The Constitution is a legal document, setting the rules, institutions, and procedures for the nation’s second governing state.  The nation had conceived itself eleven years earlier, defined by this new people’s “holding” of certain truths, our creed of rights and government dedicated to securing them.  At that time the Continental Congress also started debating the Articles of Confederation, which came into force in 1781 as the new nation’s first formal state.

We celebrate the Declaration, the nation’s act of self-creation, in grand style every Fourth of July.  This is fully appropriate.  We do virtually nothing on September 17, and need not apologize; the signing of a legal document does not normally inspire fireworks and parades.   

To be sure, the Constitution, the base of America’s state, is crucial.  The Declaration, in one of the truths we hold in our founding creed, endorses government to secure the unalienable rights, legitimated by consent of the governed.  The Preamble of the Constitution invokes this condition precedent.  It speaks for “We the People of the United States,” which is the same “we” who conceived the nation and identified ourselves as holders of the creed.  It names the objectives of this new state, under this Constitution, as public order, defense, the “general Welfare,” and, in summary, to “secure the blessings of Liberty.”  This is very much the government called for in our 1776 national founding.  The close correlation of the language of the Preamble and that of the Declaration is no coincidence.  

But the Constitution, while near-sacred in its own right, is not the nation’s founding document.  The Declaration is.  Just as the Constitution succeeded the Articles of Confederation, in theory it could be succeeded by another legal edifice, so long as the new state would fulfill the Declaration’s designated purpose.  It should take catastrophic failure to engender any impulse in this direction.  Any state that has succeeded for two hundred thirty six years carries norms and expectations that exercise a moral force for its stated aims.  Further, this Constitution admits of amendment, which has allowed deep reform and adaptation to worldly conditions, while still preserving those initial intentions.  Confusing its founding of our state with the Declaration’s founding of our nation is understandable in this sense.  But the two are distinct.  

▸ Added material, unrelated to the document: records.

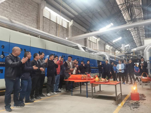 随着鞭炮齐鸣,窑炉被点燃,生产基地岩板瓷砖、岩板生产线全线开窑。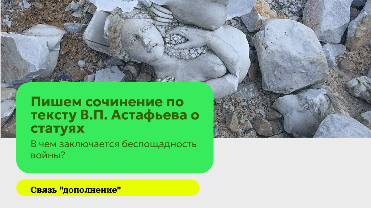 Сегодня проанализируем текст Астафьева В.П. о статуях. Текст взят из досрочного экзамена 2025 года. При разных подходах к тексту можно увидеть несколько типов связи между примерами: "противопоставление", "аналогия". Но мне все же более удачной здесь видится связь "дополнение". Чтобы привести пример из жизненного опыта, предлагаю вспомнить, как важно было во время войны сохранить культурные ценности, как люди, жертвуя собой, восстанавливали разрушенные дворцы и храмы. Нельзя не согласиться с точкой зрения писателя. Действительно, война уничтожает главные ценности: жизнь человека и творения его рук. Искусство содержит в себе память о человеке-творце. Война беспощадно пытается уничтожить ее. Вспомним, как во время войны подвергся разрушению Петергоф. Уничтожено было все: дворцы, статуи, фонтаны… Низкий поклон тем, кто смог восстановить этот уникальный комплекс. Они вернули нам Память, Историю, Красоту Хотите получить готовое сочинение по тексту? Готовые сочинения и очень много по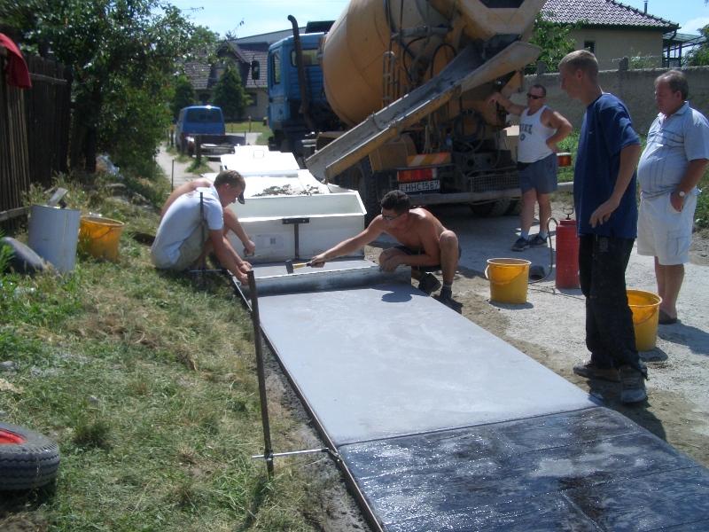 Megfelelő körülmények között akár 400-500 fm/nap monolit járdát, kerékpárutat építünk.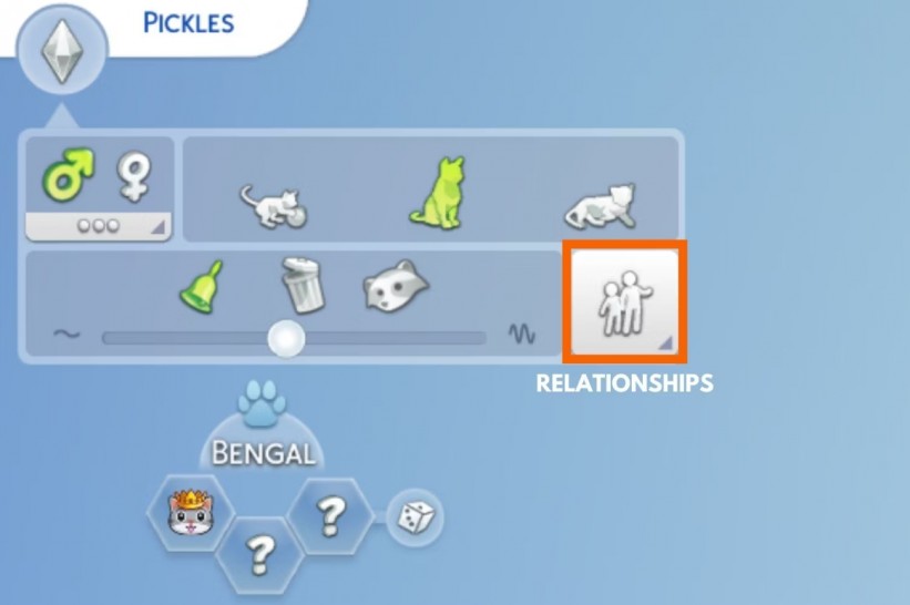 Во всплывающем меню "Отношения в доме", отмеченном значком двух фигур, можно изменить отношения между питомцами в вашем доме.

Two observations offer an extra degree of clarity, for our reference and perspective.  

First, the Constitution underpins a government to secure the unalienable rights, as specified in the Declaration.  It is aimed to offer order, prosperity, and defense, which are tangible needs that must be met for people to be secure in their rights.  But the nation’s indelible commitment to rights comes in the Declaration, not from the Constitution.  In itself the Constitution does not commit us to any rights.  Even those specified in the Bill of Rights could be amended away – the Constitution in fact prohibited the sale of alcohol through the Eighteenth Amendment, for some years.  The document provides society an instrument to realize the founding creed.  But the seminal, aspirational commitment comes from the Declaration’s creed.

Second, neither the Declaration nor the Constitution commit America to any ideology, “Liberalism” included. Self-conception in unalienable rights does bake in a liberal spirit.  But ideology comes with doctrines, by which spirit easily ossifies into dogma, which is by definition illiberal.  Today’s politics feature a polarized, dogmatic standoff between two factions.  The politicians codify doctrines to contest legislation, court cases, and political structures as though the doctrines themselves are the ends.  Invoking the Declaration’s creed as validation of their doctrines, they reduce founding creed to rhetorical weapon, each insinuating that the “other side” poses an existential threat to the nation.  

This miscast existential fear, and the erroneously motivated conflicting factions, pose our true existential danger.  A nation based on a principle of rights, rather than blood, soil, church or tongue, is a novelty even today.  The idea of rights inherent in persons rather than privileges granted by higher authority remains exceptional – even today.  We are an outlier, and as such an experiment.  Whether a nation “so conceived and so dedicated can long endure” is a perpetual question, and every challenge to our nation is a test.  Elevating legal document to ends, degrading founding purpose into rhetorical tool, risks undermining both Constitution and Declaration in their true roles.  Clarity is essential; we must not put this experiment at risk.

Let’s observe Constitution Day – but our big celebration, July 4th, is the right one.